▶ _How to complete this task_
Would you repeat each line below exactly, without the pictures?

▶ _Data block_
* * * * * * *

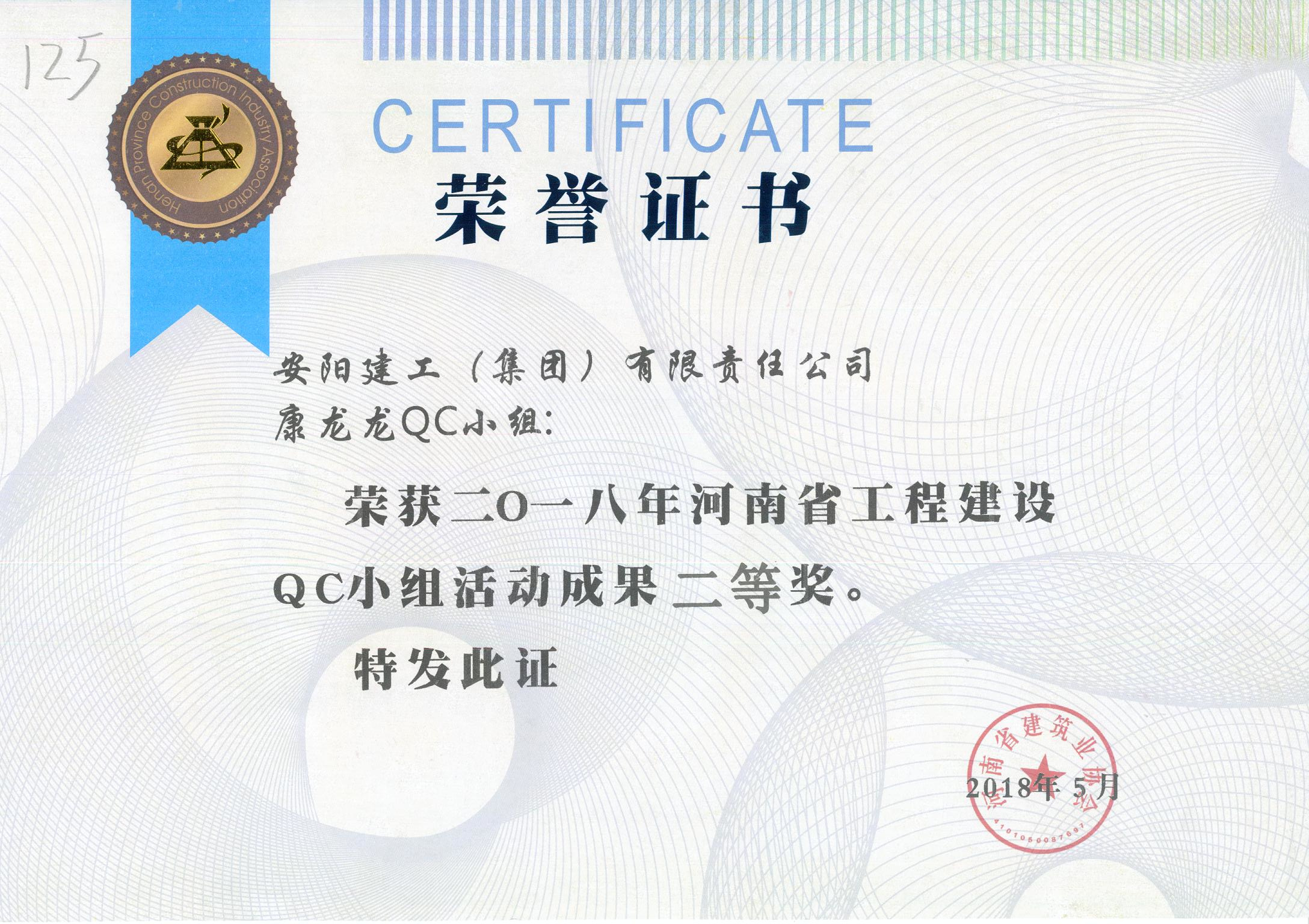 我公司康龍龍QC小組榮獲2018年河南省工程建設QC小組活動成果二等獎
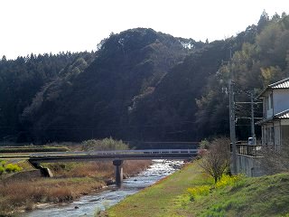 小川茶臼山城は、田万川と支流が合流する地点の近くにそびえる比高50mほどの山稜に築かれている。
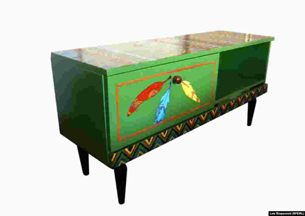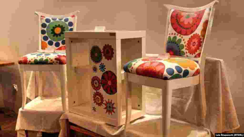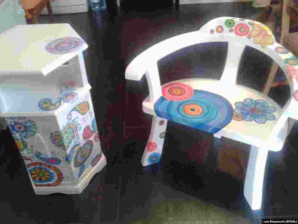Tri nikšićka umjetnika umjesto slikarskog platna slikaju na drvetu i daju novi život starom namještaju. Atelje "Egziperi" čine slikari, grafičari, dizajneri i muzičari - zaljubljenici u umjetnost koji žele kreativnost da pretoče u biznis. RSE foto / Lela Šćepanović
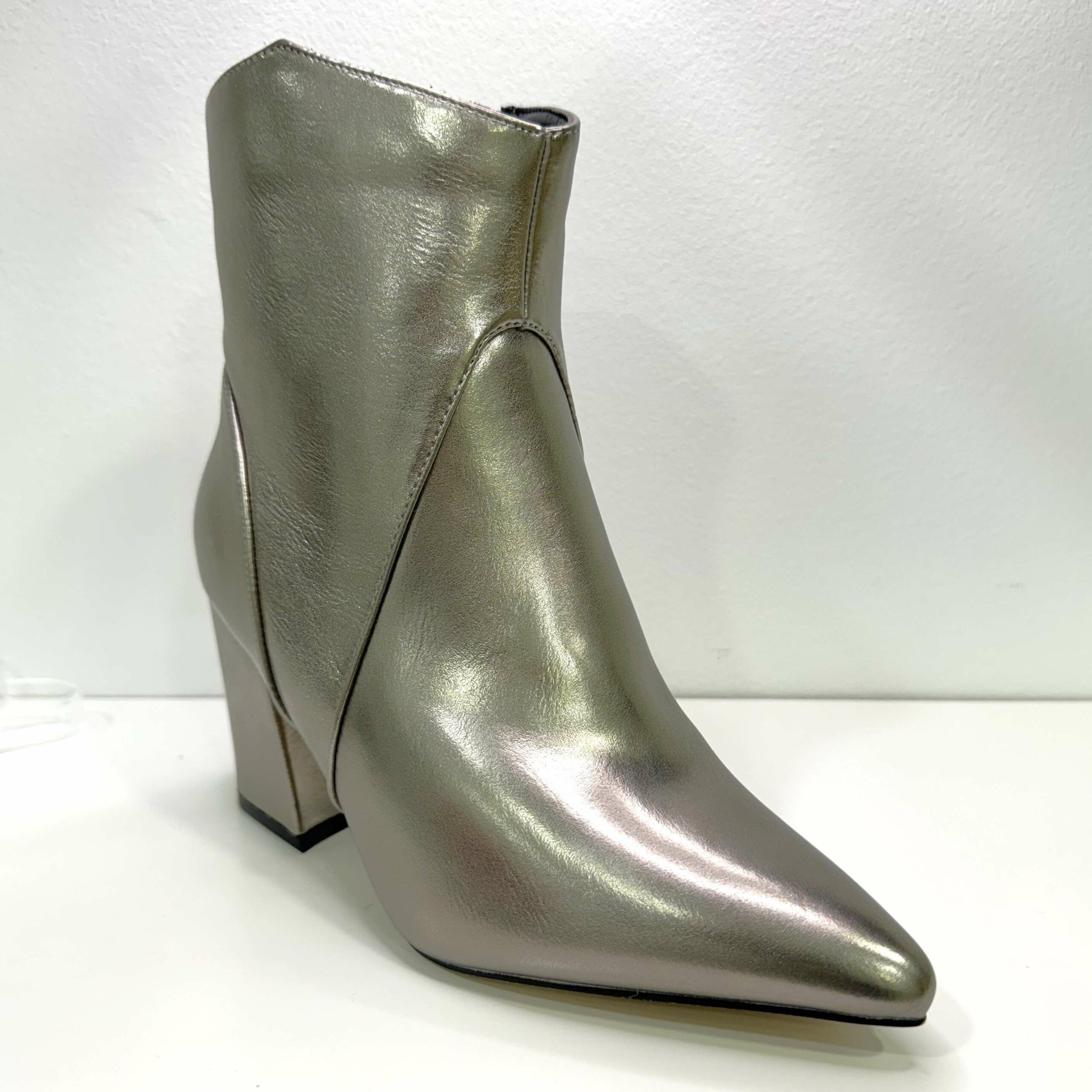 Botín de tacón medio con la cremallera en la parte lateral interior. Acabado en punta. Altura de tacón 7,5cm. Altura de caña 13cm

* * * * * * *

▶ _Response area_
 我公司康龍龍QC小組榮獲2018年河南省工程建設QC小組活動成果二等獎
 小川茶臼山城は、田万川と支流が合流する地点の近くにそびえる比高50mほどの山稜に築かれている。
Tri nikšićka umjetnika umjesto slikarskog platna slikaju na drvetu i daju novi život starom namještaju. Atelje "Egziperi" čine slikari, grafičari, dizajneri i muzičari - zaljubljenici u umjetnost koji žele kreativnost da pretoče u biznis. RSE foto / Lela Šćepanović
 Botín de tacón medio con la cremallera en la parte lateral interior. Acabado en punta. Altura de tacón 7,5cm. Altura de caña 13cm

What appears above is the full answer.